- Developer: Core Design
- Publisher: Eidos Interactive
- Producer: Troy Horton
- Designers: Joby Wood Brian Tomczyk
- Programmers: Martin Jensen Derek Leigh-Gilchrist Dan Scott
- Composer: Martin Iveson
- Platform: PlayStation
- Release: EU: September 1998; NA: 8 October 1998;
- Genres: Action, beat 'em up, platform
- Mode: Single-player

= Ninja: Shadow of Darkness =

1998 video game

Ninja: Shadow of Darkness is a 1998 action beat 'em up platform video game developed by Core Design and published by Eidos Interactive for the PlayStation. The story follows a warrior named Kurosawa, who is tasked of ridding Feudal Japan of an unspeakable evil.

==Gameplay==
The player character, Kurosawa, can combat enemies with hand-to-hand moves, magic spells, or weapons such as swords and throwing star that appear as item pick-ups. There are also pick-ups used to recover health.

==Development==
Though Ninja was developed immediately following the popular Tomb Raider, Core Design did not want to be restricted to the Tomb Raider engine's interiors-only nature; instead, they built the game engine for Ninja: Shadow of Darkness from scratch.

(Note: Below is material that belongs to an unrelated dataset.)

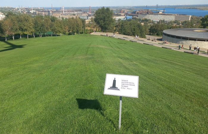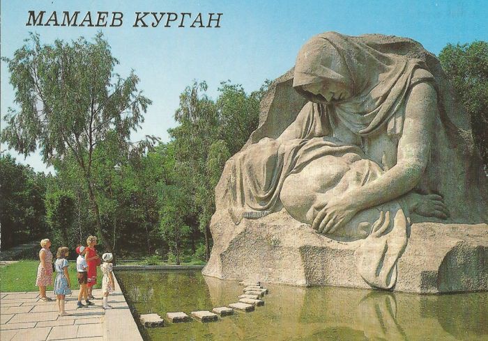 На Мамаевом кургане захоронено много советских воинов. Когда шло строительство комплекса рабочие то и дело натыкались на человеческие останки. Было принято решение собрать их все (всего 34 тысячи человек) и захоронить на холме, на котором стоит сейчас монумент «Родина‑мать».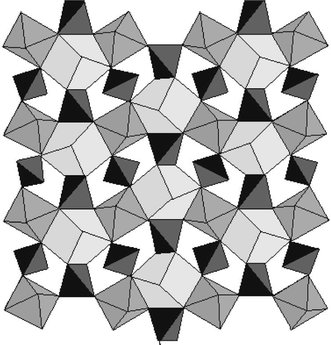 Two-dimensional projection of the build-up of the garnet and majorite structures, after Merli et al. (1995). Alternating isolated tetrahedra (black, enclosing the Z site) and octahedra (dark grey, enclosing the Y site) form a 3D corner-sharing network, with the resulting cavities forming dodecahedra (light grey, enclosing the X site)

The game was announced for release in August 1997 on Sega Saturn, PlayStation, and PC; further, a near-complete beta of the Saturn version was unveiled at this time. The PlayStation version was a port of the Saturn version. Mid-development, programmer Derek Leigh-Gilchrist commented that the port "has involved taking a lot of C code across from Saturn and modifying the 3D-specific bits to use the GTE [Geometry Transfer Engine]. This all worked fine, but it still wasn't fast enough to run the game at 30 frames per second, so I then converted the C code into optimized R3000 assembler with inline GTE code, which halved the processing time. Ninja now easily runs in 30 fps and has enabled us to start adding more detail to the game environment".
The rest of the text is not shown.